If Employee voluntarily separates from service with the Company for any reason prior to the closing of the Transaction, Employee will not receive any part of the Bonus and the Company shall have no further obligation to Employee under this Agreement.

 

3.           Payment of Bonus. In the event Employee satisfies the requirements of Section 2, above, Employee shall be entitled to receive a Bonus of Seventy-Five Thousand Dollars ($75,000.00), less all required taxes and withholdings. The Bonus shall be paid in a single lump sum (less all required taxes and withholdings) on the closing date of the Transaction.

 

4.           Assignability. This Agreement is assignable by the Company in whole or in part to any subsidiaries, affiliates, or successors to the Company, whether by merger, consolidation, sale of stock, sale of assets or otherwise. This Agreement is not assignable or transferable by Employee.

 

5.           Amendment; Modification; Termination. This Agreement may not be terminated or any provision of this Agreement amended, modified, altered, or waived except in writing signed by Employee and the Company, which writing shall specifically reference this Agreement and the provision which the parties intend to waive or modify.

 

6.           No Effect on Other Arrangements.
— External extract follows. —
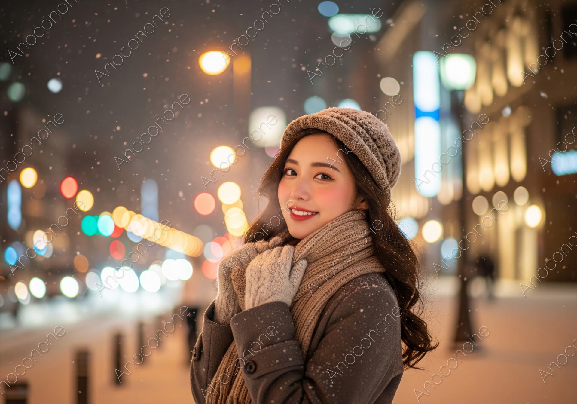 画像素材:雪が舞い落ちる冬の夜、街の明かりがキラキラと輝く背景の前で、暖かそうなニット帽とマフラーを身に着けて優しく微笑む女性のポートレート素材です。温かい冬のファッションと、冷たい雪のコントラストが魅力的で、冬の季節感や都会的なロマンスを表現したい広告、ウェブサイト、旅行関連のコンテンツなどに最適です。
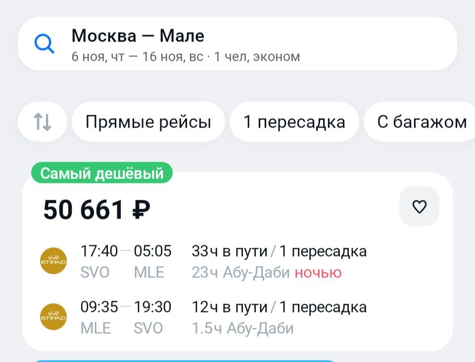 Одна из любимых рубрик админа: #мальдивыдешевлетаиланда 🌴🌴 Весь октябрь-ноябрь со стыковками на Ближнем Востоке можно сгонять на райские острова вот за такой 👆ценник. https://aviasales.tpm.lv/QvGpmwSU Авиакомпанию можно выбрать)) хоть Этихад тебе, хоть Оман Эйр. А прямой? А нацпер выдает за 92к. Без багажа 🙈🙈 бывали на Мальдивах? Дайте 🥰 #MLE @KJA

It is expressly understood and agreed that the Bonus paid in accordance with this Agreement is in addition to any other benefits or compensation for which Employee may be eligible, whether funded or unfunded, by reason of Employee’s employment with the Company.

 

7.           No Guarantee of Employment. No provision of this Agreement shall be construed to affect in any manner the existing right of the Company to suspend, terminate, alter, or modify (whether or not for Cause) the employment relationship of Employee and the Company at any time.

 

8.           Governing Law. This Agreement, and all its rights under it, shall be governed by and construed in accordance with the laws of the State of New York without giving effect to principles of conflicts of laws.

 

9.           Consent to Jurisdiction. Employee consents, and waives any objection, to personal jurisdiction and venue in the federal and state courts in New York, New York in any action by the Company to enforce this Agreement.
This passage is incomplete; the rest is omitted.